> Work order
Exactly and only the lines below from the one containing "#27. 19 E. faecalisにVCMは?" down to the one containing "为大力弘扬爱国主义,8月15" are wanted, both included; please exclude every picture.

(Records excerpted from a collection)
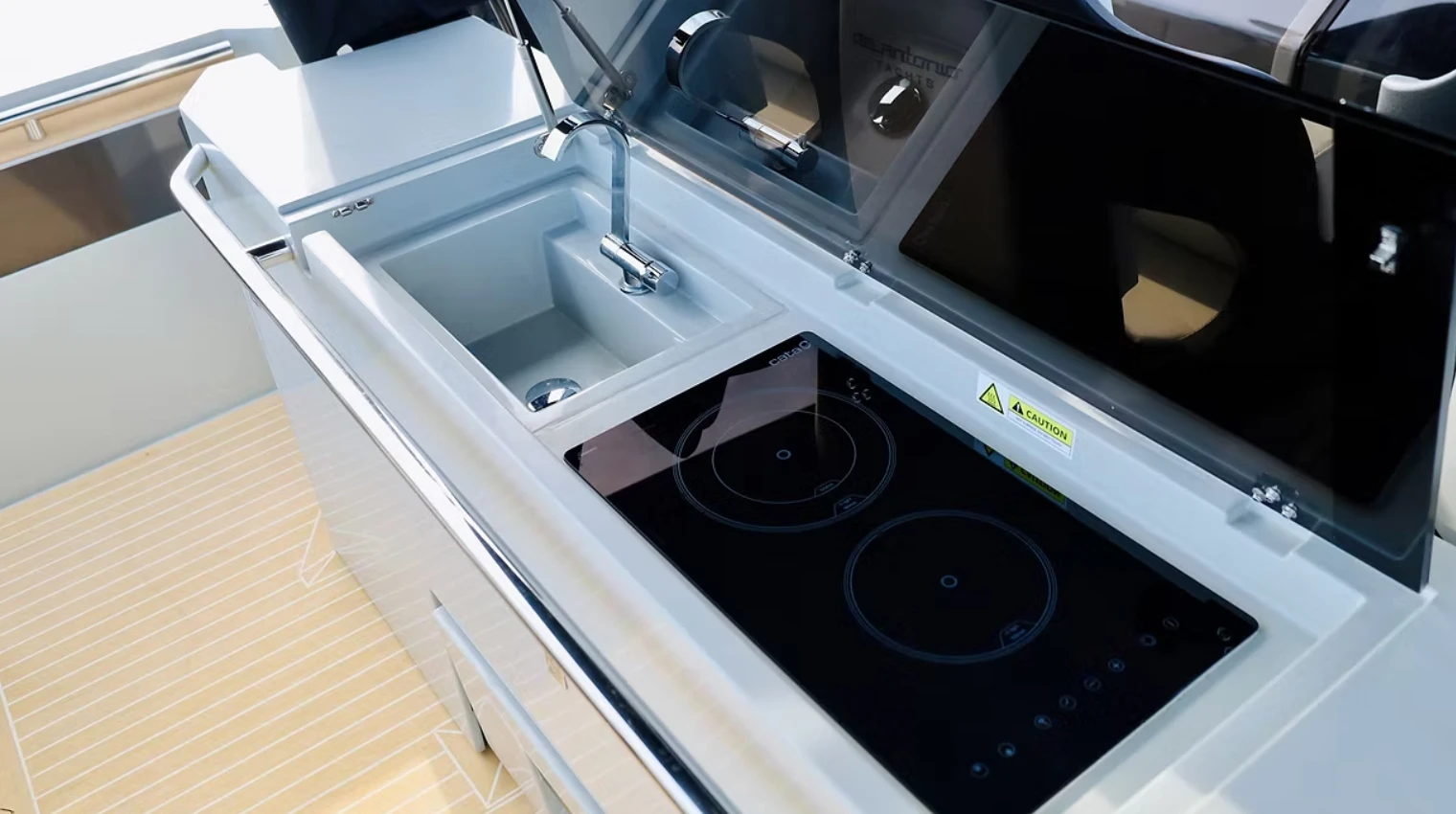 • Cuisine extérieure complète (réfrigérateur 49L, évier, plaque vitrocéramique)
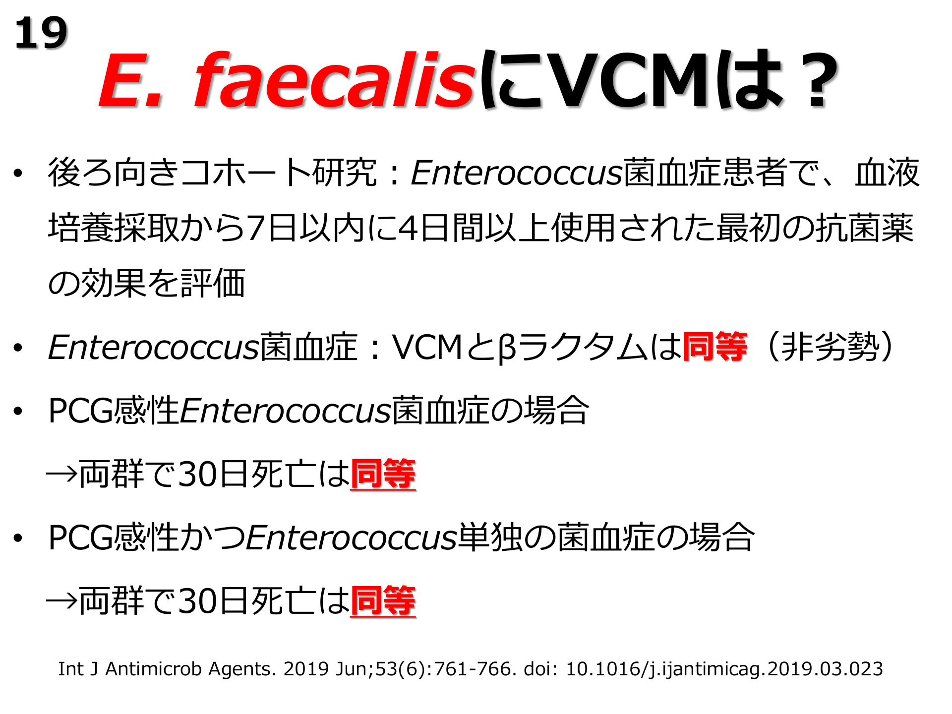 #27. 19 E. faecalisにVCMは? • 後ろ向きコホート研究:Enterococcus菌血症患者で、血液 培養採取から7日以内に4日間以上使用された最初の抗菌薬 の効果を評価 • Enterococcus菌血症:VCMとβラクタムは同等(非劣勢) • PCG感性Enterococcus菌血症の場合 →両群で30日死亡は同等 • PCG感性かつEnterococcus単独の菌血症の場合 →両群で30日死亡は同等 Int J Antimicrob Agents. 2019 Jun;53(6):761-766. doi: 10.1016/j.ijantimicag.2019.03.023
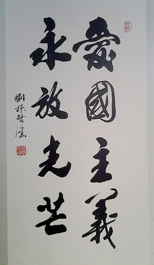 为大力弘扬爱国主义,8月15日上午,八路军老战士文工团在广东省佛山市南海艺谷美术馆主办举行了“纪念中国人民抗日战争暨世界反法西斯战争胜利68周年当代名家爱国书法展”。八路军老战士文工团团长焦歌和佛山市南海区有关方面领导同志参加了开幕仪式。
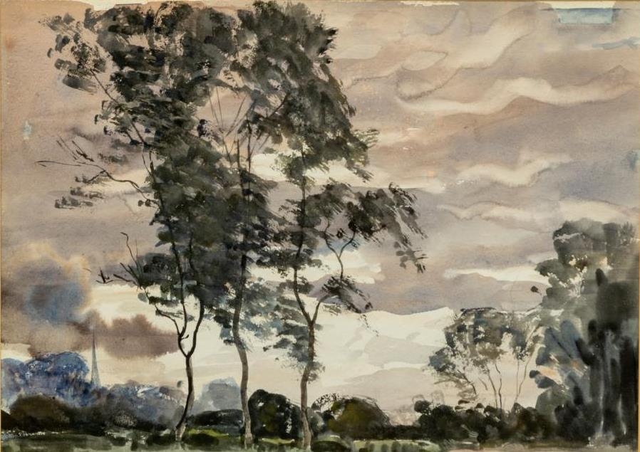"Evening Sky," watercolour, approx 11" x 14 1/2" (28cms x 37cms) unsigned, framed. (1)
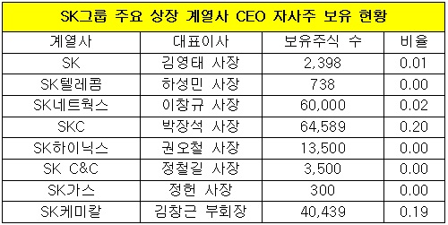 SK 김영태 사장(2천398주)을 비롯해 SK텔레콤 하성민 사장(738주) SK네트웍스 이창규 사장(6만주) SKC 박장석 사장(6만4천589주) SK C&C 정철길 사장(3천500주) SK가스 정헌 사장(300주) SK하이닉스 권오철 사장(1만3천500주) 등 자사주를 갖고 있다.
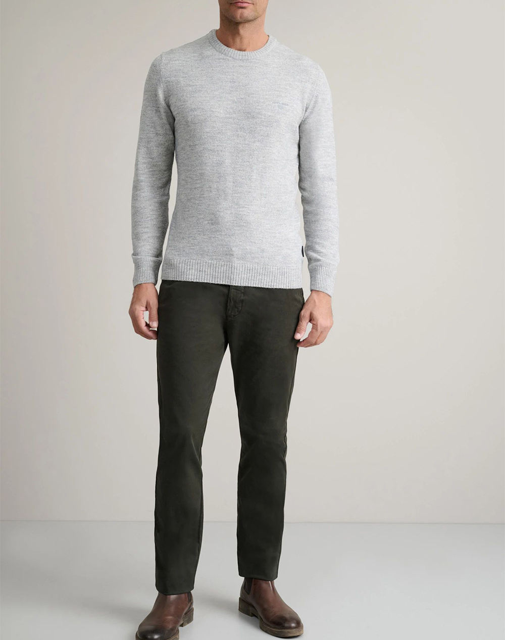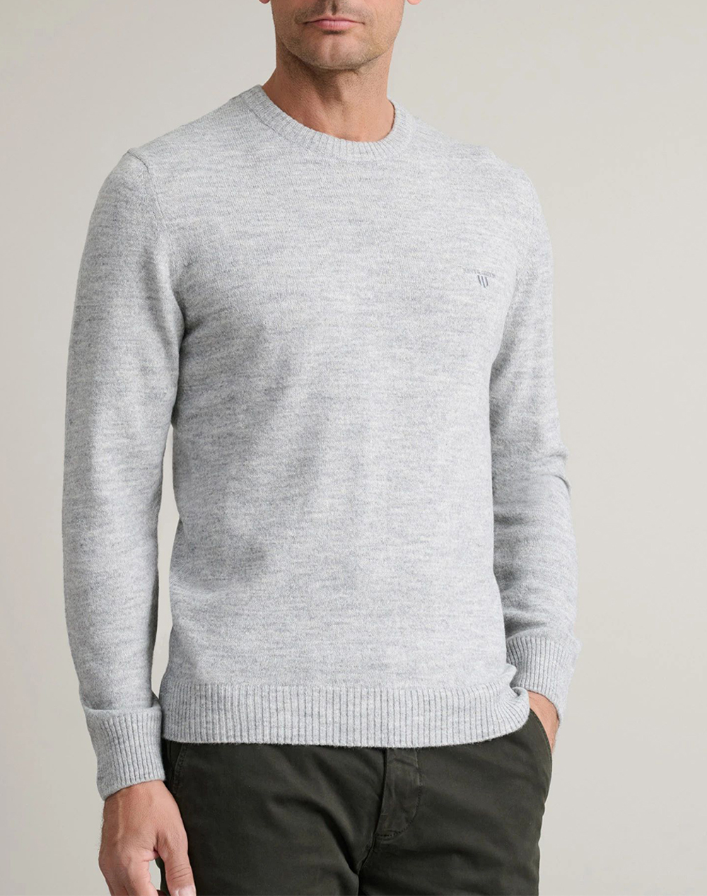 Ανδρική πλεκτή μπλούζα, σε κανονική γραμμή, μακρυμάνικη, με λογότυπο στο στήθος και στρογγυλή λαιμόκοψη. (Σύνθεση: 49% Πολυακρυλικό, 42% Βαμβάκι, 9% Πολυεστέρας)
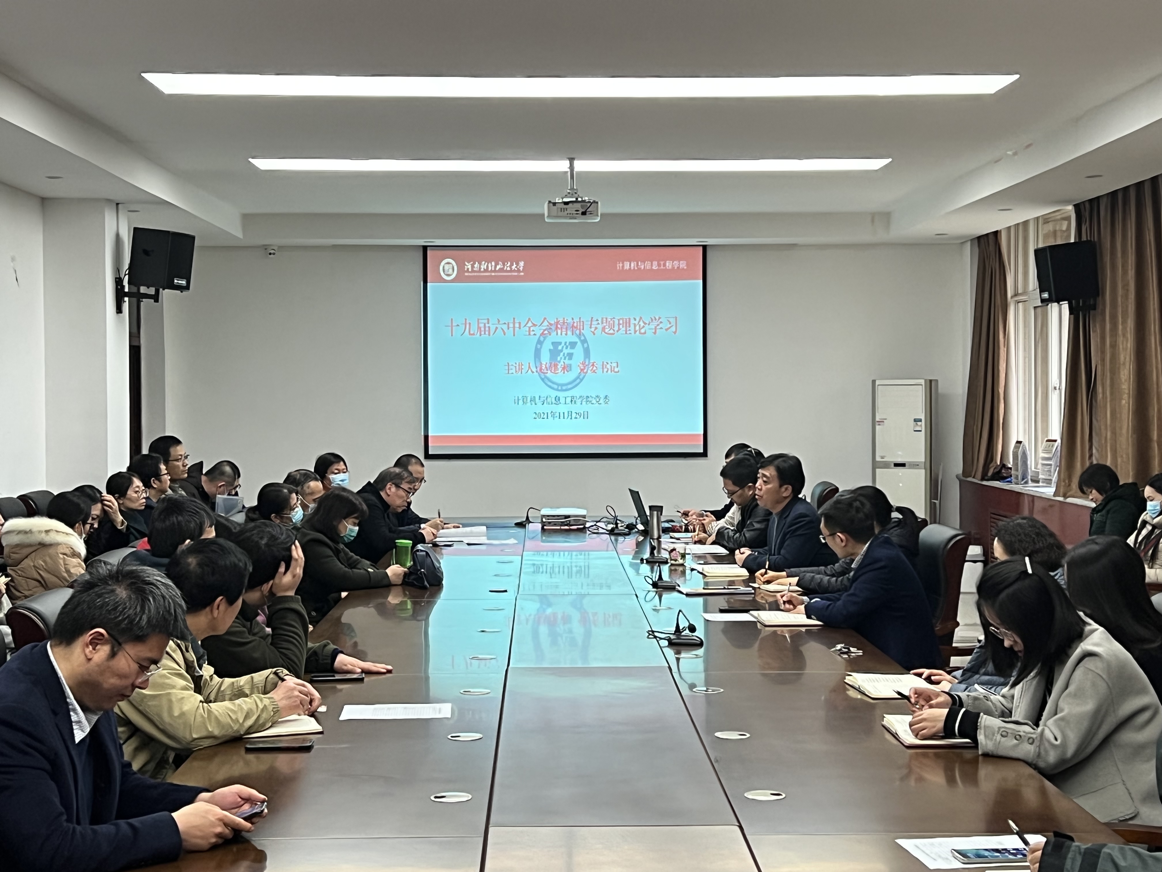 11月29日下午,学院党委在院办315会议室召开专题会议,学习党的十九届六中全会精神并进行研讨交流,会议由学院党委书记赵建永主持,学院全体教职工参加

> Written response
 #27. 19 E. faecalisにVCMは? • 後ろ向きコホート研究:Enterococcus菌血症患者で、血液 培養採取から7日以内に4日間以上使用された最初の抗菌薬 の効果を評価 • Enterococcus菌血症:VCMとβラクタムは同等(非劣勢) • PCG感性Enterococcus菌血症の場合 →両群で30日死亡は同等 • PCG感性かつEnterococcus単独の菌血症の場合 →両群で30日死亡は同等 Int J Antimicrob Agents. 2019 Jun;53(6):761-766. doi: 10.1016/j.ijantimicag.2019.03.023
 为大力弘扬爱国主义,8月15日上午,八路军老战士文工团在广东省佛山市南海艺谷美术馆主办举行了“纪念中国人民抗日战争暨世界反法西斯战争胜利68周年当代名家爱国书法展”。八路军老战士文工团团长焦歌和佛山市南海区有关方面领导同志参加了开幕仪式。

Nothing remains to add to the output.